» What is required
In the listing below, a line holding "Atas dasar tersebut" and a line holding "Siendo este el" mark the range. Retype both exactly, with all lines between them.

_ _ _ _ _

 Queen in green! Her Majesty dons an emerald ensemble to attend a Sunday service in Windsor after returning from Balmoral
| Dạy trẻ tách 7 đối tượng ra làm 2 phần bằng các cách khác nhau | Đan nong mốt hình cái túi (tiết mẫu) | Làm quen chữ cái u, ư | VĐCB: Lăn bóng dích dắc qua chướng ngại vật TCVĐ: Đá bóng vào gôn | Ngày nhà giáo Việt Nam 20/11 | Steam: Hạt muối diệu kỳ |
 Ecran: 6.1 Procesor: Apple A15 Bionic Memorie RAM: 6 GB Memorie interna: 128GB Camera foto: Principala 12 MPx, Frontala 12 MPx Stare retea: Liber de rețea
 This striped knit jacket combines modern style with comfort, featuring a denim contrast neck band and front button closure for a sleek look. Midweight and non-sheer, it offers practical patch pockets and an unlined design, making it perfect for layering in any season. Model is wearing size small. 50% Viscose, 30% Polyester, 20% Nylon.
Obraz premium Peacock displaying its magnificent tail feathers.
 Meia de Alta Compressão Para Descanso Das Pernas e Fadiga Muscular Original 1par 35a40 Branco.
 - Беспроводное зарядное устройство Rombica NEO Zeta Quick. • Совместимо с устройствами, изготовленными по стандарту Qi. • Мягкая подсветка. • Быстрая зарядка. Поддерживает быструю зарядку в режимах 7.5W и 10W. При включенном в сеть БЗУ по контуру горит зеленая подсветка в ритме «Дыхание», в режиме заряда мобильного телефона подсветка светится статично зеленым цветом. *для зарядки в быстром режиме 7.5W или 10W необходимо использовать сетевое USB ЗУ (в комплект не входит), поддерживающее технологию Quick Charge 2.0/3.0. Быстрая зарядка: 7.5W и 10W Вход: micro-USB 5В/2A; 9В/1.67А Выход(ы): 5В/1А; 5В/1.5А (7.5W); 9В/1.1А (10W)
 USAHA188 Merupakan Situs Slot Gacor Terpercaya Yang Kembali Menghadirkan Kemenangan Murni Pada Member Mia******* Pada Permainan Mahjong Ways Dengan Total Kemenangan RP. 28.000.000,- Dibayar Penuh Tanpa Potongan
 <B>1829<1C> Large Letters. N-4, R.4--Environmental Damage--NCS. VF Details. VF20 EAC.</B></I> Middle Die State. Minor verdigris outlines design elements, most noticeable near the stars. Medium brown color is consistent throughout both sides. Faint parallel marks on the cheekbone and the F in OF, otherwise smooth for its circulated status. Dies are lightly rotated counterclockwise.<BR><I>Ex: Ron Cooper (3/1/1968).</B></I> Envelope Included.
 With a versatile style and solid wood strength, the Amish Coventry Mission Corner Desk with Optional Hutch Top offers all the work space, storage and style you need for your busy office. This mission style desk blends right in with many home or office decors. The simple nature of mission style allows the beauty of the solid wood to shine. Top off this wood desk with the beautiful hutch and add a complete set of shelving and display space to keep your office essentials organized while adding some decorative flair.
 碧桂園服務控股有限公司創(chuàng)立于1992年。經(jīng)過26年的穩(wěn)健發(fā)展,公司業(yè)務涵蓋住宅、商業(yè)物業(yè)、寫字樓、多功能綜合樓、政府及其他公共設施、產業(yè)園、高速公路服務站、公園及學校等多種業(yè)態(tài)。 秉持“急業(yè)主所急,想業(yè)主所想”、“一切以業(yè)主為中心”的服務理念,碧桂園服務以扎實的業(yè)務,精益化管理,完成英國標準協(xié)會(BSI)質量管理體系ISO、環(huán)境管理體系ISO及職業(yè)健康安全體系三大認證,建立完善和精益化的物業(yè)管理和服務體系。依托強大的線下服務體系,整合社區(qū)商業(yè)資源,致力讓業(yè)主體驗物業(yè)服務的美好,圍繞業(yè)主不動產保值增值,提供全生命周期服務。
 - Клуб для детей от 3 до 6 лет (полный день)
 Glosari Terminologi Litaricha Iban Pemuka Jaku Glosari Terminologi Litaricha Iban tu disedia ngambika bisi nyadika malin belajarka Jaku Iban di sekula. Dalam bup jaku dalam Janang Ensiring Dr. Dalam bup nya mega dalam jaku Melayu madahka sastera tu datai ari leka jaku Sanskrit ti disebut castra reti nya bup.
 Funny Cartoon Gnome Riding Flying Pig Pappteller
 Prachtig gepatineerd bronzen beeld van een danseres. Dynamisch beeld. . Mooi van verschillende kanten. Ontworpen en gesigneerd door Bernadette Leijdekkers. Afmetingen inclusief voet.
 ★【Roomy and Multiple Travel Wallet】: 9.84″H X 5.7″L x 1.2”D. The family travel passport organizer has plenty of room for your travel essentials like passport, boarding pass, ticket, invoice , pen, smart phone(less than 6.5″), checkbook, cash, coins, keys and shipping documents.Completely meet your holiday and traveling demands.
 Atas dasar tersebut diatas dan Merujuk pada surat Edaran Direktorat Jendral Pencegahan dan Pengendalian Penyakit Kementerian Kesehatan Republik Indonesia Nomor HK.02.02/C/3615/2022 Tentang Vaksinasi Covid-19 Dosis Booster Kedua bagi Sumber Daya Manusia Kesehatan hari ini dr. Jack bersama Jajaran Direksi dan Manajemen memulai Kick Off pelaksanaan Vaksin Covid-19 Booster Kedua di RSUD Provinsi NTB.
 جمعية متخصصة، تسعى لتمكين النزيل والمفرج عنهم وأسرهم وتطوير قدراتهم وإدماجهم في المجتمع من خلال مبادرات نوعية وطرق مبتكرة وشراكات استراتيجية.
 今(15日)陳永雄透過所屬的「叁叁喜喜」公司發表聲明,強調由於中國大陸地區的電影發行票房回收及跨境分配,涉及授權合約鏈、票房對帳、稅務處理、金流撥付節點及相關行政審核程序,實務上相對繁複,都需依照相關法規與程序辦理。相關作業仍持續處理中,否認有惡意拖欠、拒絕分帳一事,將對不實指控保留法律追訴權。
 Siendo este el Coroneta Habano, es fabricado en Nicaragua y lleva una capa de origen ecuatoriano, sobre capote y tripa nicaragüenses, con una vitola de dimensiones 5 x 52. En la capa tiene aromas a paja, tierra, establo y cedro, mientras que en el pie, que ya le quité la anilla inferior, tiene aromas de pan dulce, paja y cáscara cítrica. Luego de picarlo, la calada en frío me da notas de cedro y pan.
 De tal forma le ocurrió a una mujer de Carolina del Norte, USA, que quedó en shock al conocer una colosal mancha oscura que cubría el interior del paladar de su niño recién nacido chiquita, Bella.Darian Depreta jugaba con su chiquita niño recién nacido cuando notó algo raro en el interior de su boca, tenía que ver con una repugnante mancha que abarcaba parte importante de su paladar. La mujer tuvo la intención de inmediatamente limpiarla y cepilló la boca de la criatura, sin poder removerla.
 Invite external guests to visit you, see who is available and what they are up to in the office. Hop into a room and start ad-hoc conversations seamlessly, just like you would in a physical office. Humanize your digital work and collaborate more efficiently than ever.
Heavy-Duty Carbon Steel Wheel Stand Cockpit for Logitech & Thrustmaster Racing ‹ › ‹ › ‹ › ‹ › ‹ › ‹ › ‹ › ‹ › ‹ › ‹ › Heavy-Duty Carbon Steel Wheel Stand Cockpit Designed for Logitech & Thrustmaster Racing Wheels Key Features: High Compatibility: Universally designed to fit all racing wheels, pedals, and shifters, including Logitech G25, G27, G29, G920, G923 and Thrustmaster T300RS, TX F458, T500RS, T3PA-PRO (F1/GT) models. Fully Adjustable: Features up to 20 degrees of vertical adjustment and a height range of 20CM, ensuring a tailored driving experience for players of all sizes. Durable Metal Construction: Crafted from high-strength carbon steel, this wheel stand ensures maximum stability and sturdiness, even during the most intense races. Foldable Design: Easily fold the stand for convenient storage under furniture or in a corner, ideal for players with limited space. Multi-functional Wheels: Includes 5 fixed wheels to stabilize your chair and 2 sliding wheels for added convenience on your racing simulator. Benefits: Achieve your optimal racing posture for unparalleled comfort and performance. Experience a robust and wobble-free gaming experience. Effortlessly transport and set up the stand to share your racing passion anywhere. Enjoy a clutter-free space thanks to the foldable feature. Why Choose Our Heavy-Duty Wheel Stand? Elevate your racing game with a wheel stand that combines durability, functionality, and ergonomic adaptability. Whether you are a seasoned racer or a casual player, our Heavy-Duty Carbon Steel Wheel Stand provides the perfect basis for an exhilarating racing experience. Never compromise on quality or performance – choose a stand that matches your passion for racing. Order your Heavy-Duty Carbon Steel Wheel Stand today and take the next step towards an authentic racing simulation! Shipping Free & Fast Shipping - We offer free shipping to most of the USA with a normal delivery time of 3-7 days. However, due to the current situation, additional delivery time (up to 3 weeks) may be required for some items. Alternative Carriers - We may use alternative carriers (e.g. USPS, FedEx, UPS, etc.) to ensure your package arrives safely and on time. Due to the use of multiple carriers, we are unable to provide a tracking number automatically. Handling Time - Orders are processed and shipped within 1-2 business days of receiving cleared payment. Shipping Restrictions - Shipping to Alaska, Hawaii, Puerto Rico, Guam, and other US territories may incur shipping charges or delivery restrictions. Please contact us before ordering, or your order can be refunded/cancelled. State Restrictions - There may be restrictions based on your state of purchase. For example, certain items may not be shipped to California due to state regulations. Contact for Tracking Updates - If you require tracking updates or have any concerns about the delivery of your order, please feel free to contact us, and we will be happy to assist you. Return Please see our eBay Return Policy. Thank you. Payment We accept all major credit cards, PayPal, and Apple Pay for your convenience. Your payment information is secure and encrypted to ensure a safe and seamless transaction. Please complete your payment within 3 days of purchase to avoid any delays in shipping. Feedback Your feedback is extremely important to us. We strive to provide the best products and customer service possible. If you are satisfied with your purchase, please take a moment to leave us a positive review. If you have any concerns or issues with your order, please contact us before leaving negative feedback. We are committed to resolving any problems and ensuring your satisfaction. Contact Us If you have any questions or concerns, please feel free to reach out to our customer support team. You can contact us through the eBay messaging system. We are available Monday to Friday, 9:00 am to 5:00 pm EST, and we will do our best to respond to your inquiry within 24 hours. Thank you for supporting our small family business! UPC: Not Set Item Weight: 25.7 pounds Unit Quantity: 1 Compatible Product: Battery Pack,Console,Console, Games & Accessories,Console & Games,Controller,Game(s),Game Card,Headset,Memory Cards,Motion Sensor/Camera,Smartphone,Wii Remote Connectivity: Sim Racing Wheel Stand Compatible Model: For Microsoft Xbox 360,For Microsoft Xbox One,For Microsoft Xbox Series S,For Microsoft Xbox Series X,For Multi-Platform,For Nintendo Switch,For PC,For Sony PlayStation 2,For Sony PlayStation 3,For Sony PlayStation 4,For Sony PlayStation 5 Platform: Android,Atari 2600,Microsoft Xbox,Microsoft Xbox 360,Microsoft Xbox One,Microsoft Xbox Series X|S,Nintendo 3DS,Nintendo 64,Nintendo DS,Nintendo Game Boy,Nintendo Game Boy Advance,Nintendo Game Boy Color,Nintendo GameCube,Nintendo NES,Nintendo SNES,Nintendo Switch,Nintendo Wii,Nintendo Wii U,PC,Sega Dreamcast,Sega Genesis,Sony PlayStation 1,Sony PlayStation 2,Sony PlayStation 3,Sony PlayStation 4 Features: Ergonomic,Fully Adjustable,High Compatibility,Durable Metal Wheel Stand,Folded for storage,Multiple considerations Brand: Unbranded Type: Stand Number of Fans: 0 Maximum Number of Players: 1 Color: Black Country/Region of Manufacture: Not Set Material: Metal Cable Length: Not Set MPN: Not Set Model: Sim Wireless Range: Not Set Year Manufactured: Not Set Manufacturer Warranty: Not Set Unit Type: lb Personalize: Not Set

_ _ _ _ _

» Response area
 Atas dasar tersebut diatas dan Merujuk pada surat Edaran Direktorat Jendral Pencegahan dan Pengendalian Penyakit Kementerian Kesehatan Republik Indonesia Nomor HK.02.02/C/3615/2022 Tentang Vaksinasi Covid-19 Dosis Booster Kedua bagi Sumber Daya Manusia Kesehatan hari ini dr. Jack bersama Jajaran Direksi dan Manajemen memulai Kick Off pelaksanaan Vaksin Covid-19 Booster Kedua di RSUD Provinsi NTB.
 جمعية متخصصة، تسعى لتمكين النزيل والمفرج عنهم وأسرهم وتطوير قدراتهم وإدماجهم في المجتمع من خلال مبادرات نوعية وطرق مبتكرة وشراكات استراتيجية.
 今(15日)陳永雄透過所屬的「叁叁喜喜」公司發表聲明,強調由於中國大陸地區的電影發行票房回收及跨境分配,涉及授權合約鏈、票房對帳、稅務處理、金流撥付節點及相關行政審核程序,實務上相對繁複,都需依照相關法規與程序辦理。相關作業仍持續處理中,否認有惡意拖欠、拒絕分帳一事,將對不實指控保留法律追訴權。
 Siendo este el Coroneta Habano, es fabricado en Nicaragua y lleva una capa de origen ecuatoriano, sobre capote y tripa nicaragüenses, con una vitola de dimensiones 5 x 52. En la capa tiene aromas a paja, tierra, establo y cedro, mientras que en el pie, que ya le quité la anilla inferior, tiene aromas de pan dulce, paja y cáscara cítrica. Luego de picarlo, la calada en frío me da notas de cedro y pan.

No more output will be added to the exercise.